What you will do: Please output exactly the lines below, starting at the line that has "Modern Open Plan" and ending at the line that has "Apesar de já", both included; leave out all pictures and include nothing else.

Material shown:

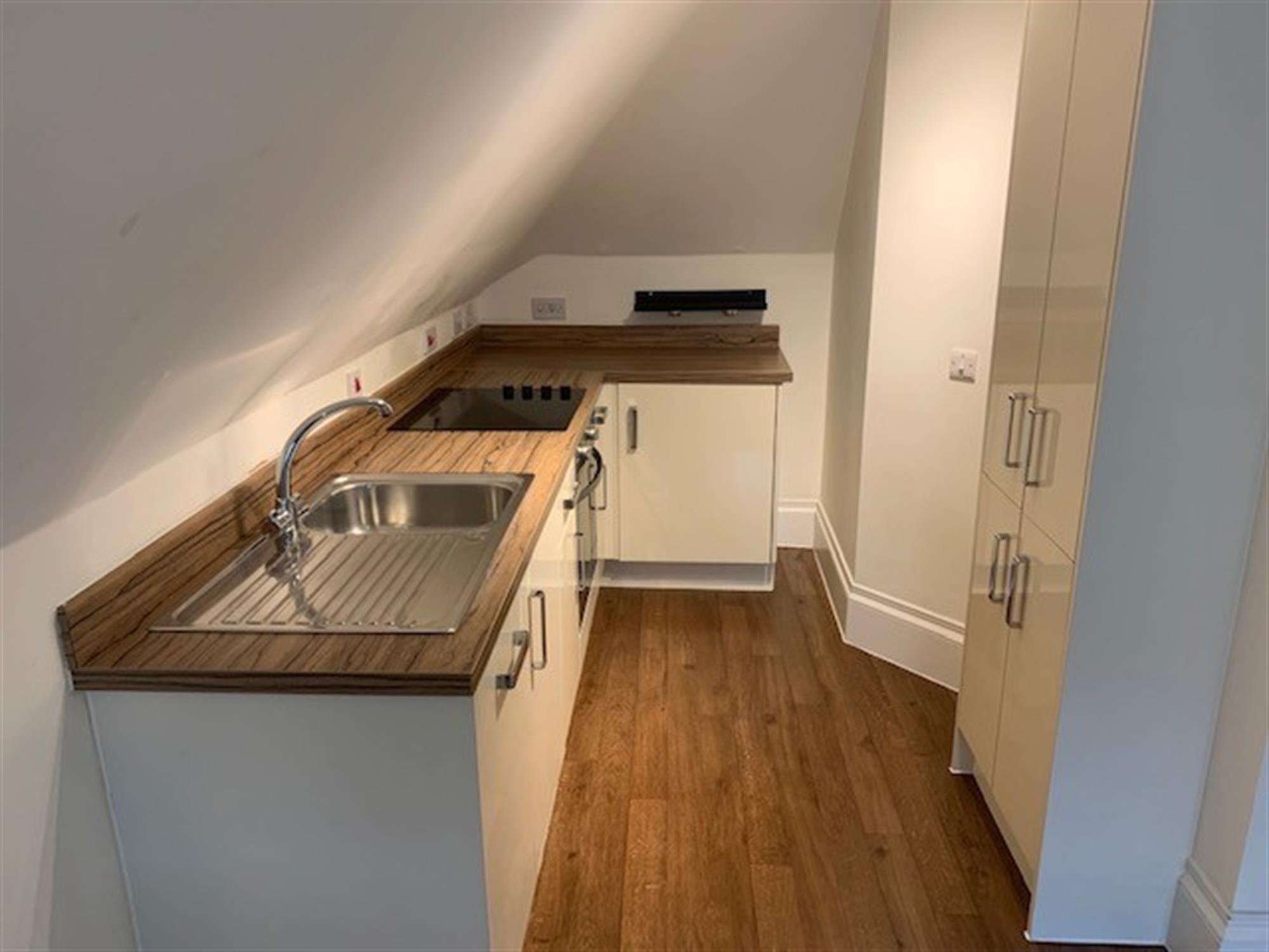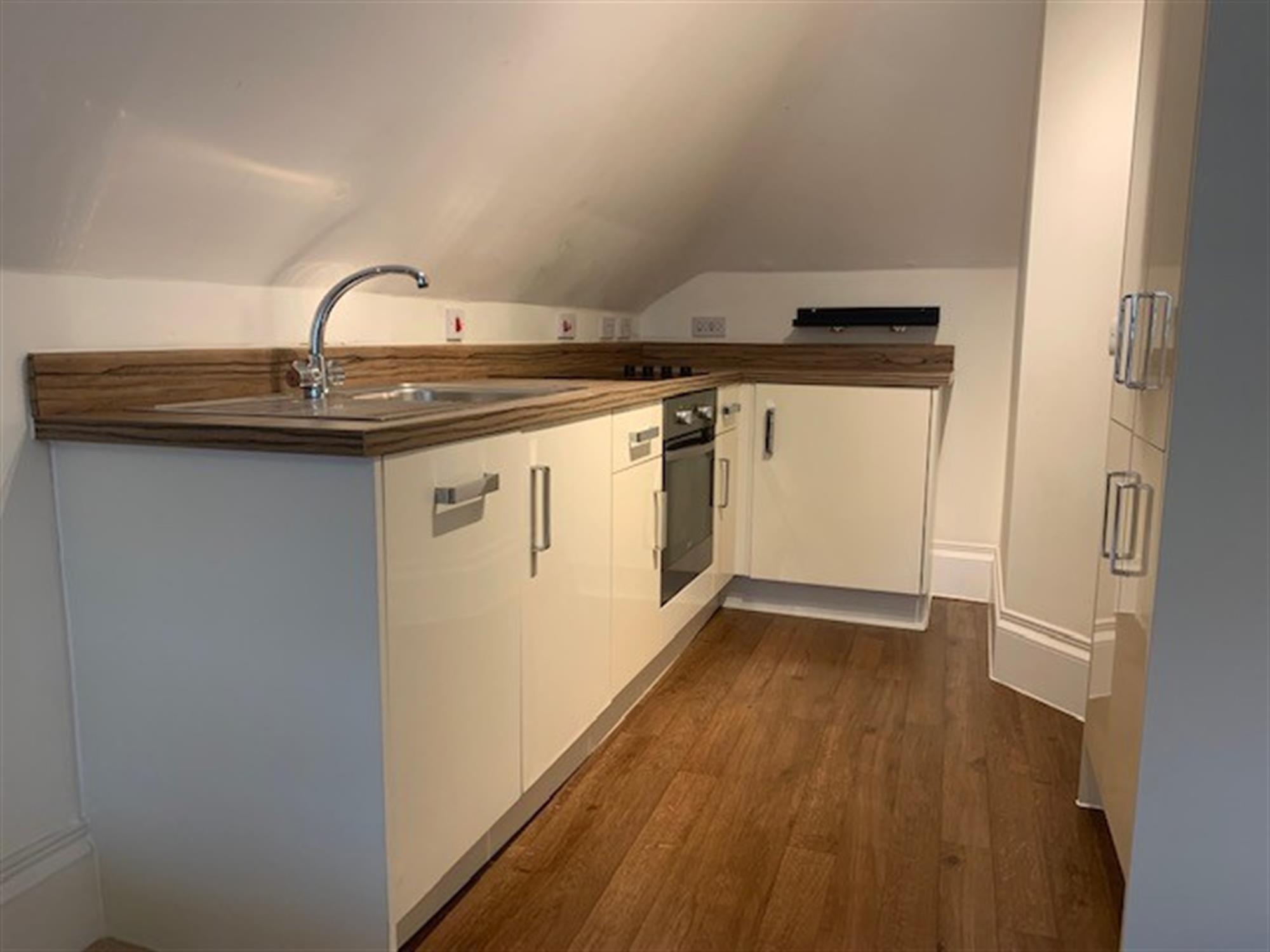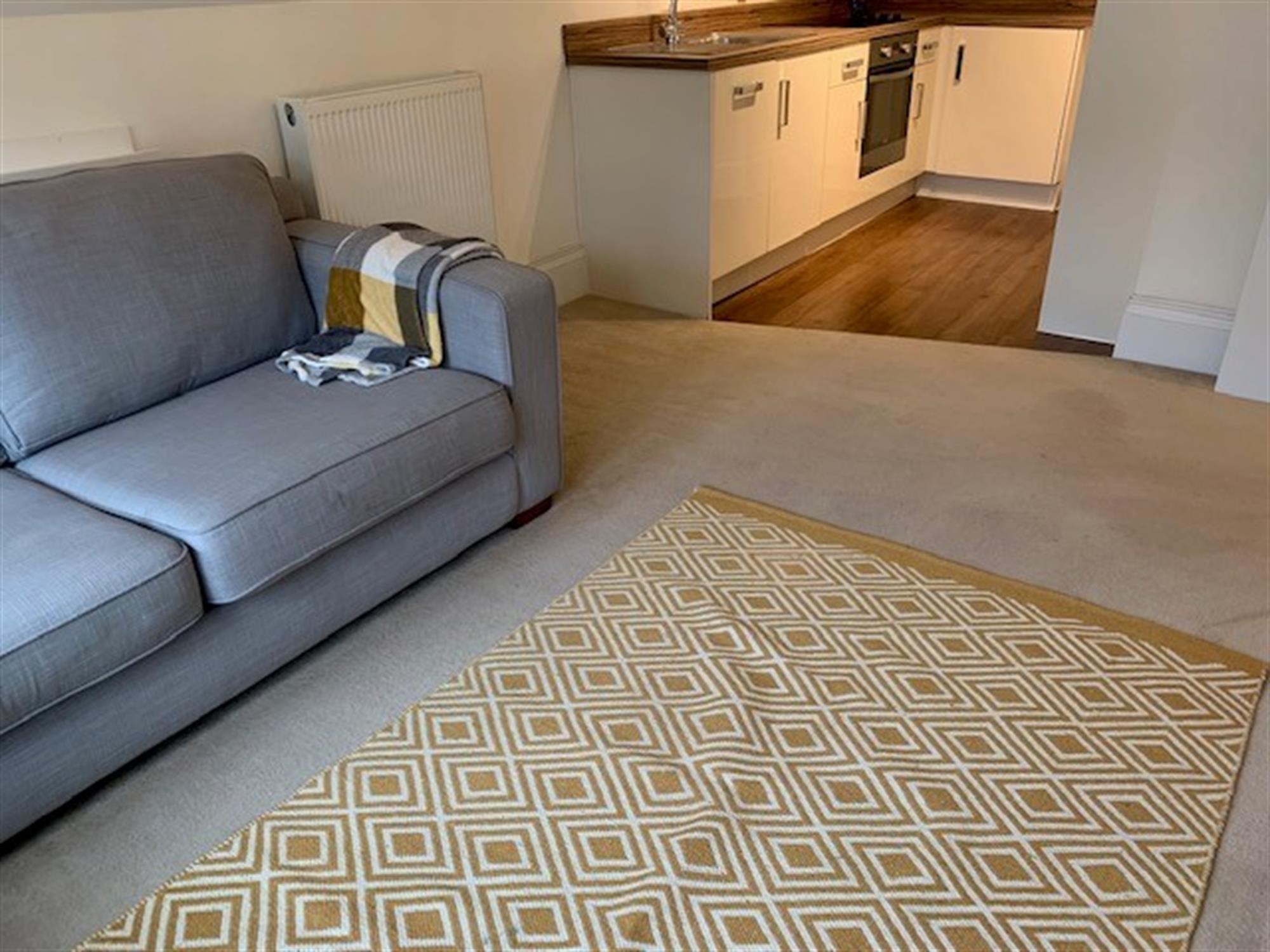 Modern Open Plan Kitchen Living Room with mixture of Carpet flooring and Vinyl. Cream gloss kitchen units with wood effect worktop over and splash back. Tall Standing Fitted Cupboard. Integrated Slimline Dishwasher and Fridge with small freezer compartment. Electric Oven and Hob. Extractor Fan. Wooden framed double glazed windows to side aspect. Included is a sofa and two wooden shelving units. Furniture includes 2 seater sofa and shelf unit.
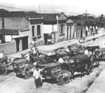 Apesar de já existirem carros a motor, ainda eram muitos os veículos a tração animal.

==

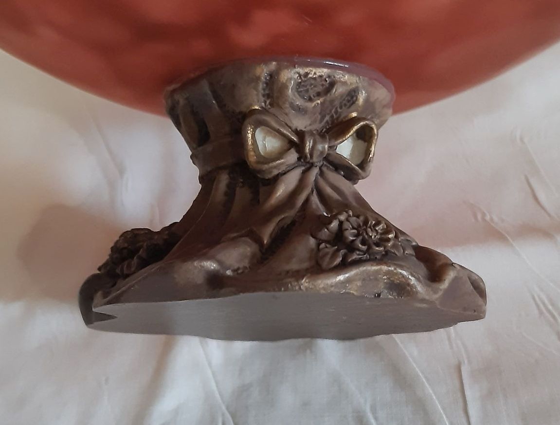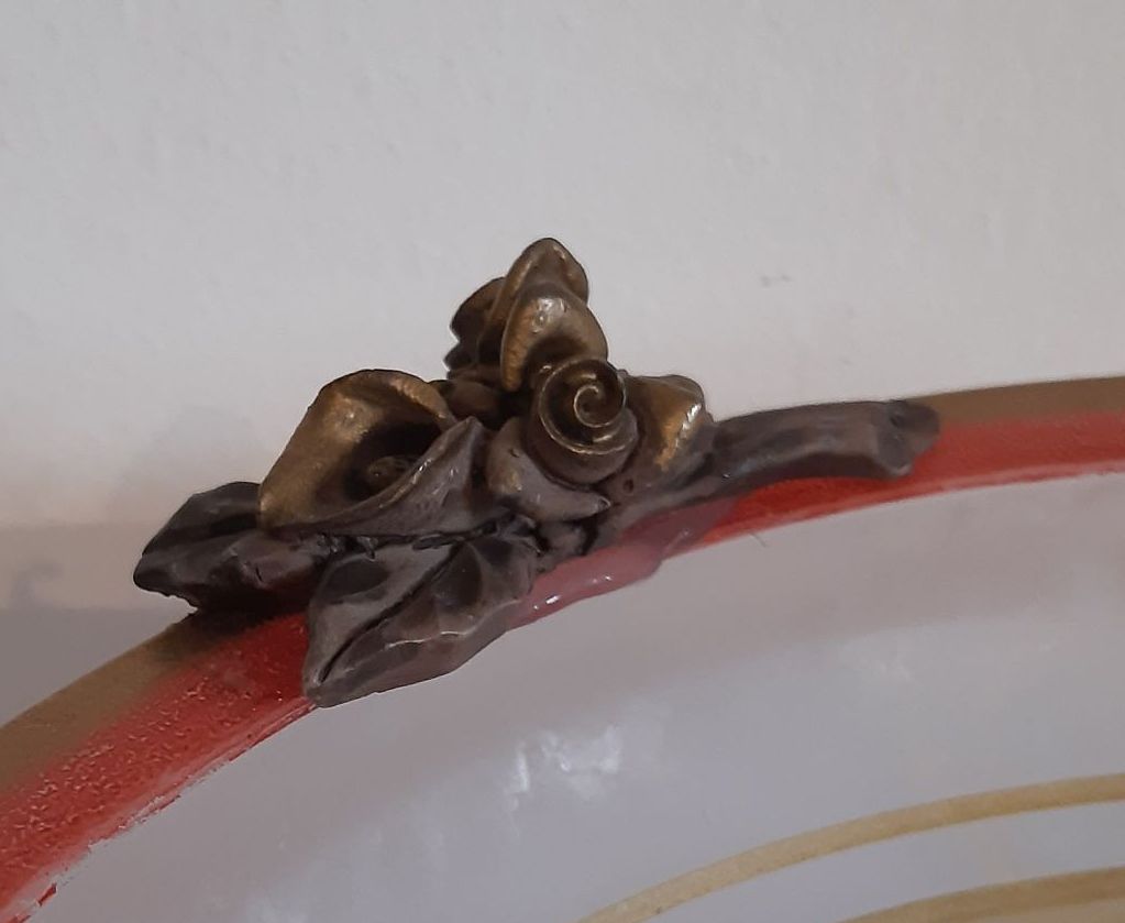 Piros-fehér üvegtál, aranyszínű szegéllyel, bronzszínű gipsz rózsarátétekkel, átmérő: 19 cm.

--

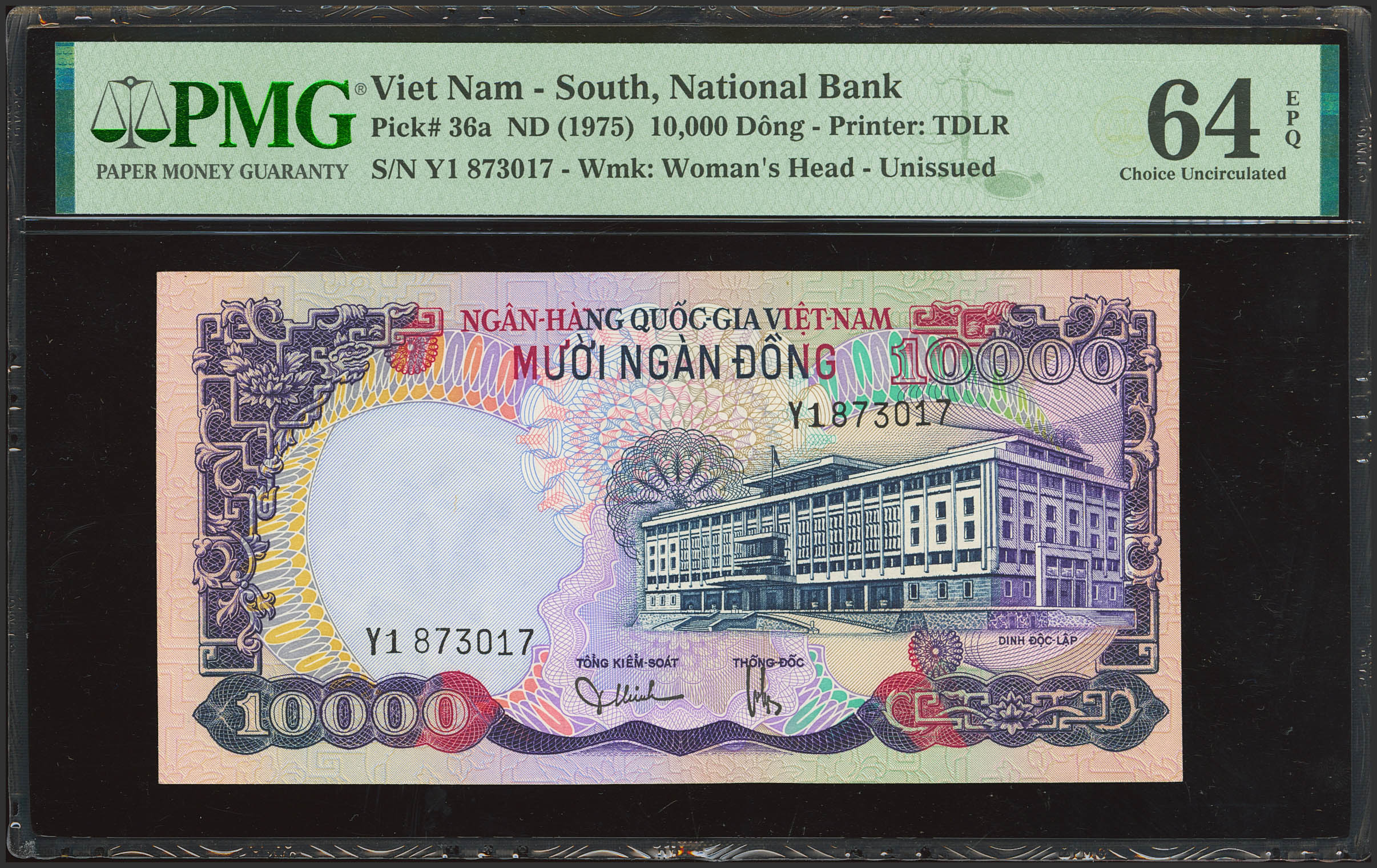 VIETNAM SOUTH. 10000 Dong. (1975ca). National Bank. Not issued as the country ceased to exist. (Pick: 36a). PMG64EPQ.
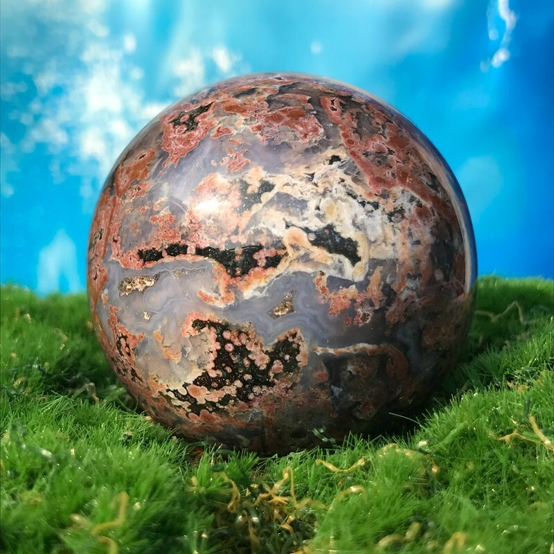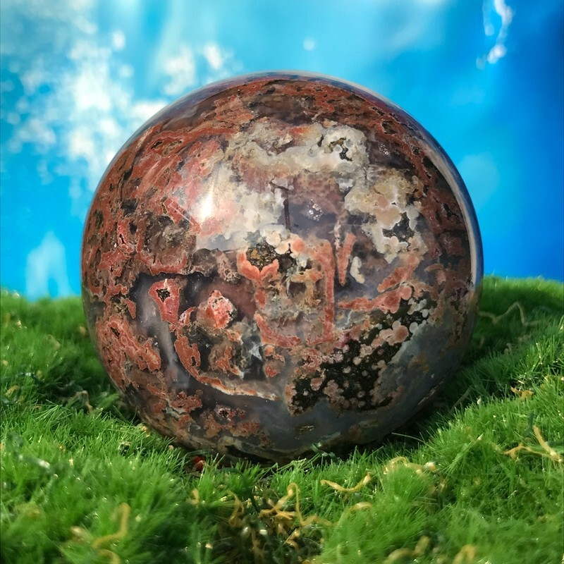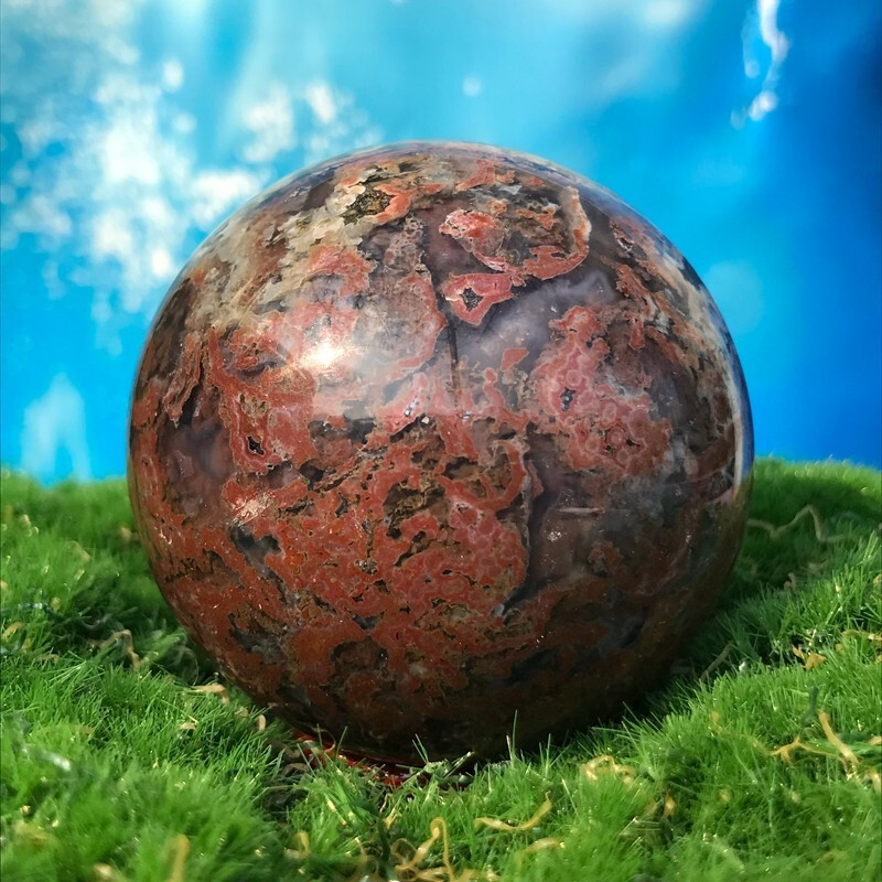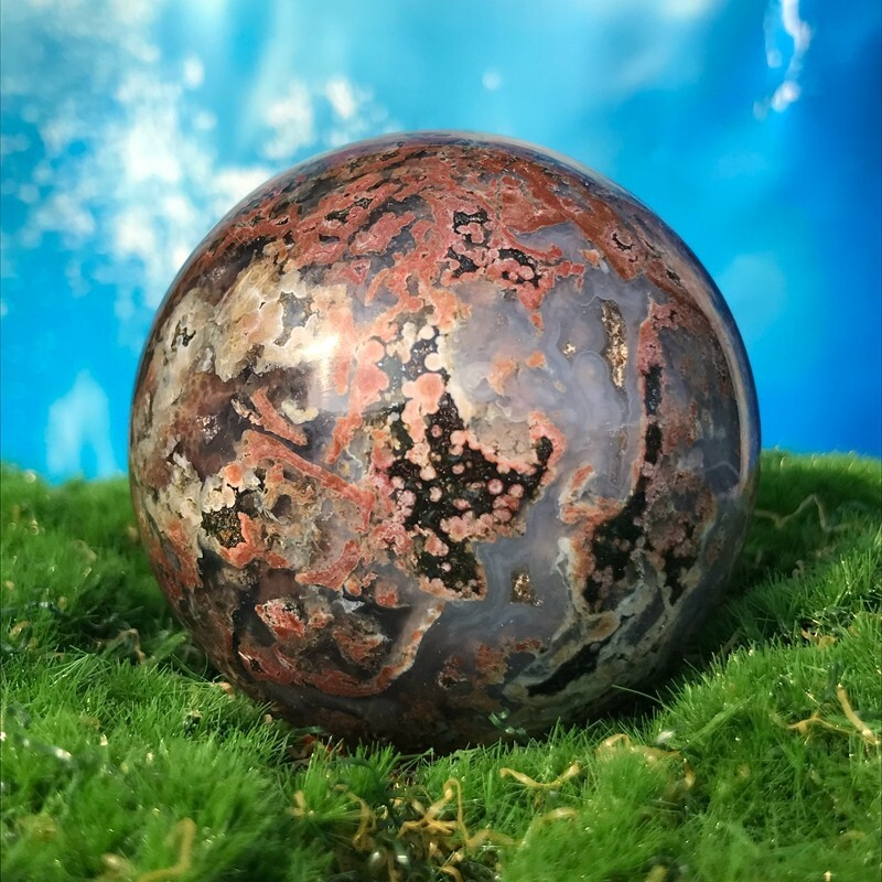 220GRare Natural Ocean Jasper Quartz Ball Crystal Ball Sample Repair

Exercise answer:
 Modern Open Plan Kitchen Living Room with mixture of Carpet flooring and Vinyl. Cream gloss kitchen units with wood effect worktop over and splash back. Tall Standing Fitted Cupboard. Integrated Slimline Dishwasher and Fridge with small freezer compartment. Electric Oven and Hob. Extractor Fan. Wooden framed double glazed windows to side aspect. Included is a sofa and two wooden shelving units. Furniture includes 2 seater sofa and shelf unit.
 Apesar de já existirem carros a motor, ainda eram muitos os veículos a tração animal.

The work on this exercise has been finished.